*** Opening of Records supplied ***
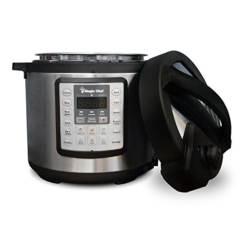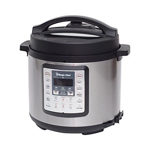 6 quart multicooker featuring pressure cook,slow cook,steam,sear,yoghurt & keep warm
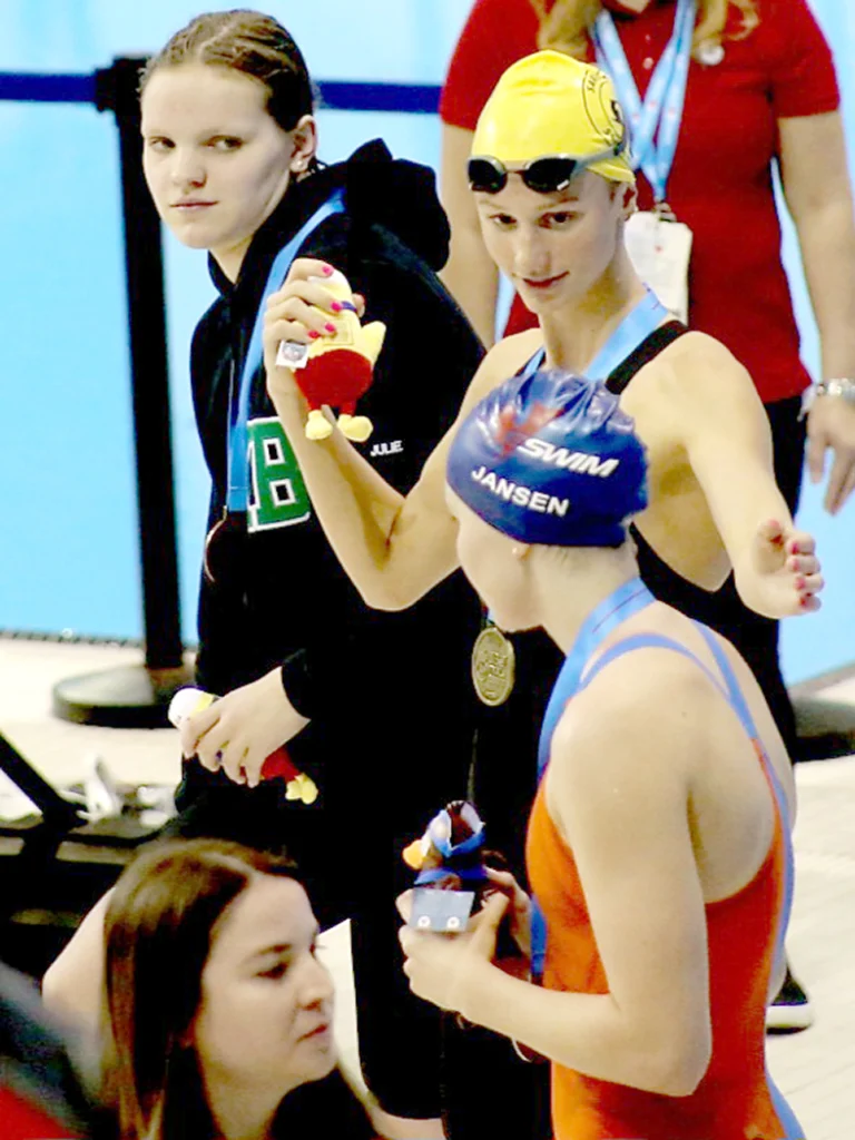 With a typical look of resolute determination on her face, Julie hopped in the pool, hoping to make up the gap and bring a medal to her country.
*** Close of Records supplied ***
*** Opening of Records supplied ***
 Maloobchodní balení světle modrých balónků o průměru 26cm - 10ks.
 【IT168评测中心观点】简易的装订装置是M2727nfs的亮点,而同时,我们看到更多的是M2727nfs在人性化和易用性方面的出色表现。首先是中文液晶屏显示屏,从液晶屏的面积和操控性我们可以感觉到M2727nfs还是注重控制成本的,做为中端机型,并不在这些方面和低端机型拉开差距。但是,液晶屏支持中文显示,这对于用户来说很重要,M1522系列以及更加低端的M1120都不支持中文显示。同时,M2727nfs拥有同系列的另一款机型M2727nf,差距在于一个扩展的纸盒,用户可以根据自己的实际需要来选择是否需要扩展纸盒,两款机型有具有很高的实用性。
*** Close of Records supplied ***
### Exercise directions
Every line from the one with "6 quart multicooker" through the one with "With a typical" is to be reproduced exactly as written above, and the pictures are to be dropped.

### The completed task
 6 quart multicooker featuring pressure cook,slow cook,steam,sear,yoghurt & keep warm
 With a typical look of resolute determination on her face, Julie hopped in the pool, hoping to make up the gap and bring a medal to her country.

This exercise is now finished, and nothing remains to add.